#!/usr/bin/env bash
CHANGED_FILES=`git diff --name-only master src/`
for CHANGED_FILE in $CHANGED_FILES; do
echo ../$CHANGED_FILE
done
Ordinarily, this works fine but for some branches, Travis doesn’t recognize master and fails with this:
fatal: ambiguous argument ‘master’: unknown revision or path not in the working tree.
Use ‘–’ to separate paths from revisions, like this:
‘git […] – […]’
Is master (the target branch) not guaranteed to exist? Is a repository not necessarily cloned by the time items under env are set?
Is there a configuration step to ensure a clone that contains the target branch to diff against is performed?
Not that I’m aware of, but of course you can run any commands in .travis.yml or in your script, including a git fetch to
(preferably shallow) fetch the master branch.
Have you tried reproducing this issue with a fresh clone locally?
I have and have not been able to recreate this error locally. master exists and git diff --name-only master src/ in my feature branch correct report the file-paths that have changed.

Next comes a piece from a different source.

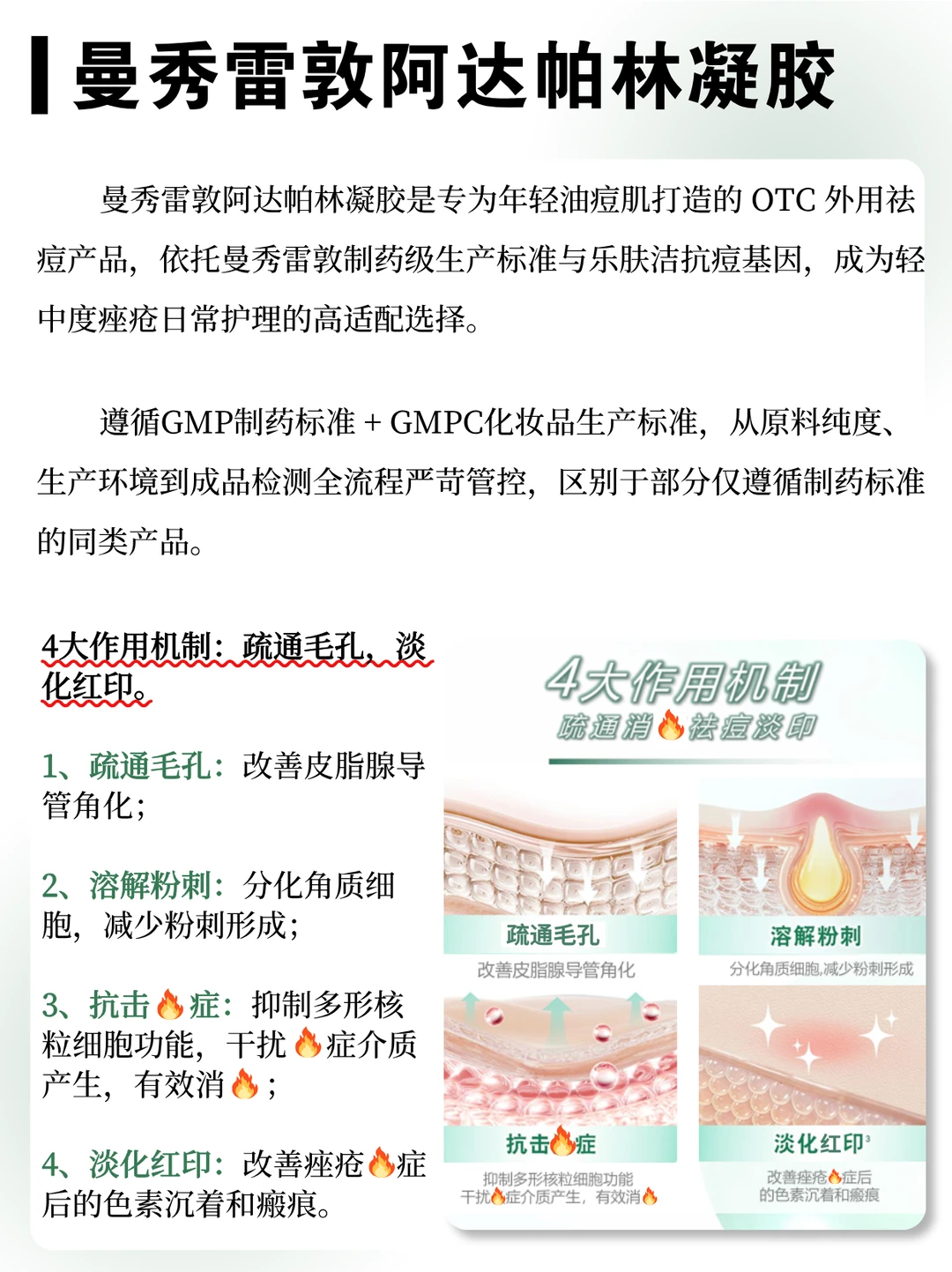 💖 曼秀雷敦阿达帕林凝胶是专为年轻油痘肌打造的 OTC 外用祛痘产品,依托曼秀雷敦制药级生产标准与乐肤洁抗痘基因,成为轻中度痤疮日常护理的高适配选择,精准把握了全链路祛痘的需求,为痘肌提供了系统化的护理新思路。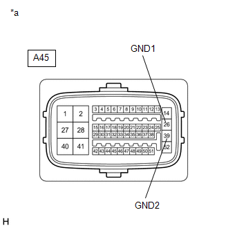 | A45-39 (GND2) - Body ground | Always | Below 1 Ω |

The output of the above command should be visible in the job’s log,
and should look like this:
git fetch
From https://github.com/....
* [new branch] master -> origin/master
So while it does fetch the remote’s master branch, it does not
create a master branch in the local repository, but stores it under refs/remotes/origin/master, because that’s what the previous git remote ... command told it to do.
You could either:
Leave your before_script as is, and update your other script to
diff against origin/master instead.
Update your before_script to run git fetch --depth=50 origin refs/heads/master:refs/heads/master.